Axios Closer

June 10, 2025
🎶 Folgers is waking up to higher costs due to ... well, you know.
Today's newsletter is 636 words, a 2½-minute read.
🔔 The dashboard: The S&P 500 closed up 0.6%.
🥶 Today's stock spotlight: J.M. Smucker (-15.6%). The consumer foods company projected a decreased profit for its fiscal year on higher coffee costs and struggles with its Hostess brand. (More below👇)
1 big thing: Tariffs are roasting coffee prices
President Trump's tariffs are roasting coffee sellers.
Why it matters: Coffee importers and retailers are being squeezed by a 10% duty on raw beans, with some warning of higher prices ahead.
🫘 Between the lines: The J.M. Smucker Co. — which sells Folgers, Dunkin' and Cafe Bustelo coffee brands — is citing coffee as its No. 1 raw material cost.
- 🚛 American companies have few domestic options for raw, unroasted coffee beans — known as green coffee — so they can't do much to limit their exposure to import duties.
- Coffee prices were up 9.6% in April, according to the Consumer Price Index, which reports May prices tomorrow.
💵 The impact: The extra duties lowered Smucker's profits and will lead to further price increases, CFO Tucker Marshall said on the company's earnings call today.
- ☕️ At Starbucks, the increased duties are causing the world's largest coffee chain to "look at how the tariffs will impact the cost and then the price that we need to provide to the customer," Starbucks CEO Brian Niccol tells Axios today in an interview in Las Vegas, though he added that "we have no plans right now to pass on pricing."
- "Fortunately for us, we have a very diverse way of buying, and then we roast everything in the United States," Niccol said. "So it's really just the green coffee that we're dealing with, which has got that 10% tariff.
The bottom line: Someone — companies or consumers — will have to swallow these tariffs.
2. Zuck's hiring 🤑
Meta CEO Mark Zuckerberg, frustrated with the pace of Meta's AI development and public stumbles, is creating a new "superintelligence" team dedicated to building the world's most advanced AI platform, the New York Times and Bloomberg reported today.
- 💰 Zuck is said to be personally leading recruiting for the roughly 50-person team, and he's splashing out seven- to nine-figure packages to hire top talent.
Zoom in: Scale AI founder Alexandr Wang has been tapped to join the new Meta lab, per the Times.
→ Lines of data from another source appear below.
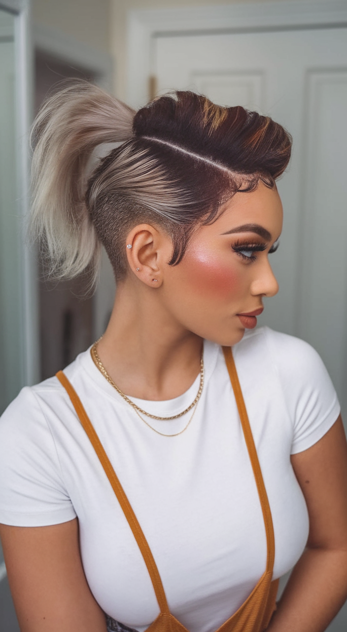 A bold undercut bob paired with a voluminous high ponytail gives this hairstyle a striking appearance. The dark roots seamlessly blend into the icy blonde tones, creating depth and dimension. The sleek side styling and sharp fade add a modern and trendy touch.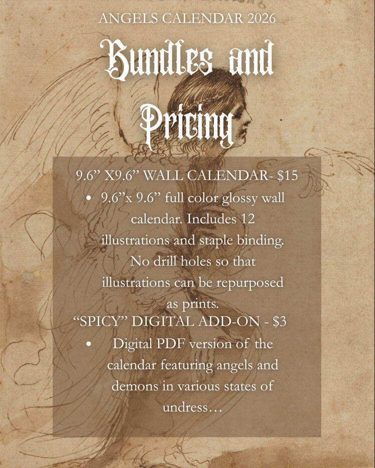 Kaz (@dogboystmicahel) is thrilled to be collaborating with his friends as part of AAC! You may know him from This Could Be Religion Zine or from the naked angels he draws on twitter. Outside of art, he enjoys writing, going to the gym, and spending time with his wife. His favorite angels characters are Lucifer, Michael, and Baal (unfortunately basic.)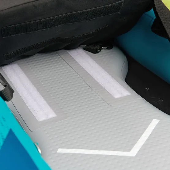 Kajak wyposażony jest w 2 wygodne, regulowane siedziska, które w łatwy sposób zamontujesz do uchwytów D-ring, Twoje plecy będą miały solidne oparcie. Dla większego komfortu podczas wiosłowania dodane są wyjmowane podnóżki.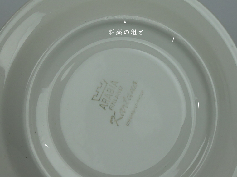 について、違いが大きいものは別の商品として掲載していますが、在庫が2以上の場合は1点1点微妙に風合いが異なることもございますので、北欧ヴィンテージ食器の特性としてご理解いただいた上でお買い求め下さい。※ヴィンテージ食器については、当店は食品衛生法が求める検査を行っておらず、「装飾品」としての輸入・販売となります。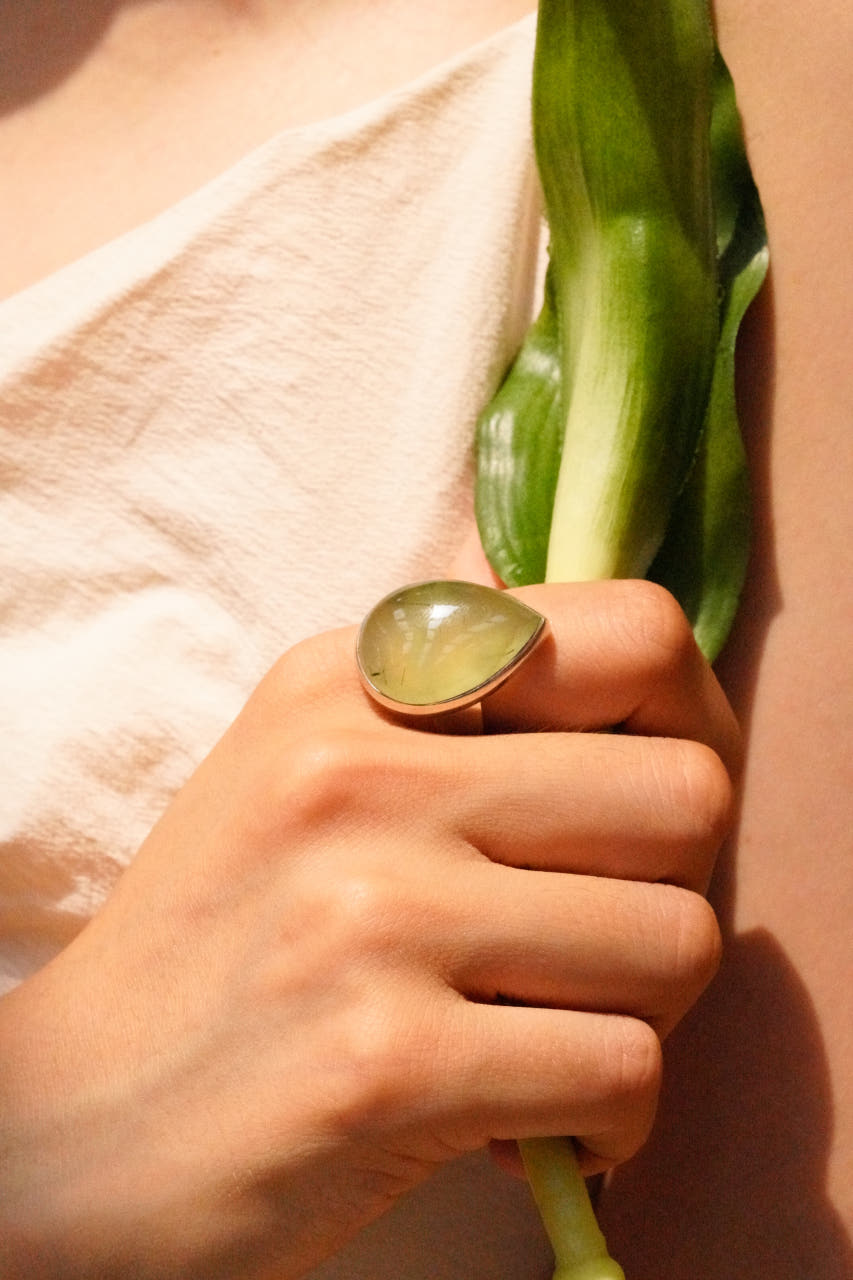 [539][마지막한점] 상큼한 청포도를 닮은 원석 프레나이트 물방울 천연석 925 실버 반지 1.98 x 2.5cm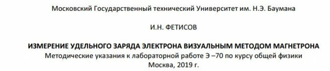 Для студентов МГТУ им. Н.Э.Баумана по предмету ФизикаИзмерение удельного заряда электрона визуальным методом магнетронаИзмерение удельного заряда электрона визуальным методом магнетрона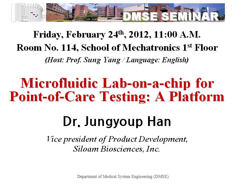[DMSE Seminar] 2/24(Fri)*11:00 A.M./Dr.Jungyoup Han/Microfluidic Lab-on-a-chip for Point-of-Care Testing: A Platform/Mecha.bldg.#114
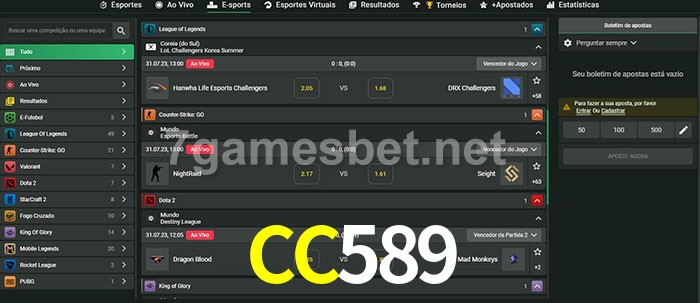 O CC589 oferece uma grande seleção de opções de apostas em e-sports com probabilidades competitivas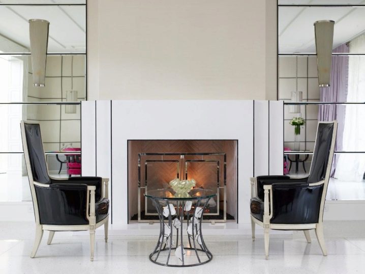 أسلوب آرت ديكو مشهور بشكل لا يصدق. المصممون والمصممون يحبونه كثيرا. السمة الرئيسية لهذا النمط هي أصالته. يجب أن يحتوي الجزء الداخلي على ملحقات وأعمال فنية باهظة الثمن. يستخدم الديكور كمية كبيرة من اللمعان واللمعان. سيكون الموقد بمثابة المركز المنطقي للغرفة ، التي توجد فوقها المرآة..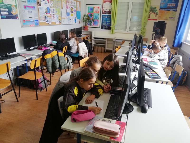 Učenici 4. razreda su sudjelovali u radionici iz edukativnih materijala Centra za sigurniji internet Zamisli dan bez ekrana, u kojoj su naučili da trebaju manje vremena provoditi na računalu i mobitelu, a više vani u druženju s prijateljima. Svrha radionice je bila razvijanje svijesti o vremenu provedenom pred ekranima, jačanje timskog rada te razumijevanje važnosti ravnoteže između online i offline svijeta. Na kraju radionice su ispunili evaluacijski upitnik. Radionica im se jako svidjela, kao i ostale aktivnosti, a najviše su uživali u igri "Dabrica Darka zna se pristojno ponašati i na internetu", u kojoj tijekom igre učenici dobivaju povratne informacije i poticajne poruke.

Meta's been in talks to invest billions of dollars in Scale and bring on some of its employees.
- 🧠 The team's mission for Meta: to develop an AI with powers that ultimately exceed those of the human brain.
The bottom line: Cost doesn't matter in the race for AI dominance.
3. Other happenings
🔍 Google today reportedly offered buyouts to employees across the company, including in its search, ads and commerce divisions. (CNBC)
📺 Paramount Global plans to cut its U.S. personnel by 3.5%. The company is seeking regulatory approval for its merger with Skydance Media. (CNBC)
🚚 Toyota and Daimler Truck finalized a two-year-old deal to merge their truck manufacturing businesses. Hino Motors and Mitsubishi Fuso Truck & Bus will become part of the same holding company by April. (Bloomberg)
🚗 Volvo Cars said its global vehicle sales fell 12% in May. The automaker has been hit hard by increased U.S. automotive tariffs. (Euronews)
4. Ronald McDonald House Charities rebrand
Ronald McDonald House Charities, which provides services globally to ill children and their families, is rebranding and refreshing its logo ahead of an ambitious expansion goal.
- 🎯 Why it matters: The charity aims to double the number of families it serves by 2030.
What's happening: The name and logo will start rolling out to chapters in October, with an aim to fully migrate worldwide by the end of 2027.
- The launch will be supported with a multimedia campaign featuring TV and radio spots and content from celebrity influencers, per Joanna Sabato, the charity's global chief marketing and communications officer.
🏥 By the numbers: Ronald McDonald House has more than 250 chapters in 62 countries, offering out-of-hospital housing and in-hospital family rooms, among other services.
- It now provides more 1,000 different programs, saving families hundreds of millions of dollars in expenses.
- 💵 Support via McDonald's Corp. accounts for about 25% of overall system revenue, Katie Fitzgerald, CEO of Ronald McDonald House, tells Axios.
🖍️ Fun fact: The first Crayola crayons rolled off the assembly line at Binney & Smith Company on this day in 1903. Since then, it's sold over 230 billion of them.